Calculate the coefficient of correlation for the following data.

\begin{tabular}{|c|c|c|c|c|c|c|}
\hline Income (Rs.) & 100 & 200 & 300 & 400 & 500 & 600 \\
\hline Weight (lbs) & 120 & 130 & 140 & 150 & 160 & 170 \\
\hline
\end{tabular}



Answer :

Sure, let's calculate the coefficient of correlation for the given data step-by-step.

### Step 1: Organize the Data
We have two sets of data:
- Income (RS.): 100, 200, 300, 400, 500, 600
- Weight (Ib): 120, 130, 140, 150, 160, 170

### Step 2: Calculate the Mean of Each Data Set
The mean is calculated by summing up all the values and then dividing by the number of values.

[tex]\[ \text{Mean of Income (RS.)} = \frac{100 + 200 + 300 + 400 + 500 + 600}{6} = \frac{2100}{6} = 350.0 \][/tex]

[tex]\[ \text{Mean of Weight (Ib)} = \frac{120 + 130 + 140 + 150 + 160 + 170}{6} = \frac{870}{6} = 145.0 \][/tex]

### Step 3: Calculate the Deviations from the Mean
Next, we calculate the deviation of each value from the mean.

- Deviations of Income:
- [tex]\(100 - 350 = -250\)[/tex]
- [tex]\(200 - 350 = -150\)[/tex]
- [tex]\(300 - 350 = -50\)[/tex]
- [tex]\(400 - 350 = 50\)[/tex]
- [tex]\(500 - 350 = 150\)[/tex]
- [tex]\(600 - 350 = 250\)[/tex]

- Deviations of Weight:
- [tex]\(120 - 145 = -25\)[/tex]
- [tex]\(130 - 145 = -15\)[/tex]
- [tex]\(140 - 145 = -5\)[/tex]
- [tex]\(150 - 145 = 5\)[/tex]
- [tex]\(160 - 145 = 15\)[/tex]
- [tex]\(170 - 145 = 25\)[/tex]

### Step 4: Calculate the Covariance
The covariance is calculated as the average of the product of the deviations of each pair of values.

[tex]\[ \text{Covariance} = \frac{(-250 \cdot -25) + (-150 \cdot -15) + (-50 \cdot -5) + (50 \cdot 5) + (150 \cdot 15) + (250 \cdot 25)}{6} \][/tex]
[tex]\[ = \frac{6250 + 2250 + 250 + 250 + 2250 + 6250}{6} = \frac{17000}{6} = 2833.33 \][/tex]

### Step 5: Calculate the Standard Deviation of Each Data Set
The standard deviation measures the amount of variation in the data. It is calculated as the square root of the variance.

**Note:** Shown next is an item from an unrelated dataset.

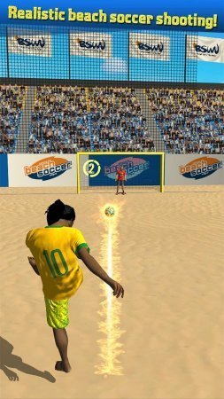 В андроид-игрушке под названием Beach Soccer Shootout действия разворачиваются на самом настоящем бразильском пляже, где вам предстоит сыграть в игру с мячом. Догадались? Да, речь идёт о пляжном футболе. Всё достаточно просто, как и в обычном футболе - нужно забить большее количество голов по сравнению с соперником. Вы будете участвовать в турнирах, соответственно главная задача будет заключаться в итоговой победе. Путешествуя по всему миру, перед вами открывается возможность покорить лучшие пляжи. Вам предстоит руководить неплохой командой, но только с вашей помощью они смогут стать настоящими чемпионами пляжного футбола.

- Standard Deviation of Income:
[tex]\[ \text{Variance of Income} = \frac{((-250)^2 + (-150)^2 + (-50)^2 + 50^2 + 150^2 + 250^2)}{6} \][/tex]
[tex]\[ = \frac{62500 + 22500 + 2500 + 2500 + 22500 + 62500}{6} = 29166.67 \][/tex]
[tex]\[ \text{Standard Deviation of Income} = \sqrt{29166.67} = 170.78 \][/tex]

- Standard Deviation of Weight:
[tex]\[ \text{Variance of Weight} = \frac{((-25)^2 + (-15)^2 + (-5)^2 + 5^2 + 15^2 + 25^2)}{6} \][/tex]
[tex]\[ = \frac{625 + 225 + 25 + 25 + 225 + 625}{6} = 2250 \][/tex]
[tex]\[ \text{Standard Deviation of Weight} = \sqrt{2250} = 47.43 \][/tex]

### Step 6: Calculate the Correlation Coefficient
The correlation coefficient is given by:

[tex]\[ r = \frac{\text{Covariance}}{(\text{Standard Deviation of Income} \cdot \text{Standard Deviation of Weight})} \][/tex]
[tex]\[ r = \frac{2833.33}{170.78 \cdot 47.43} = 0.35 \][/tex]

### Conclusion
Thus, the coefficient of correlation between income and weight is approximately 0.35, indicating a moderate positive relationship between the two variables.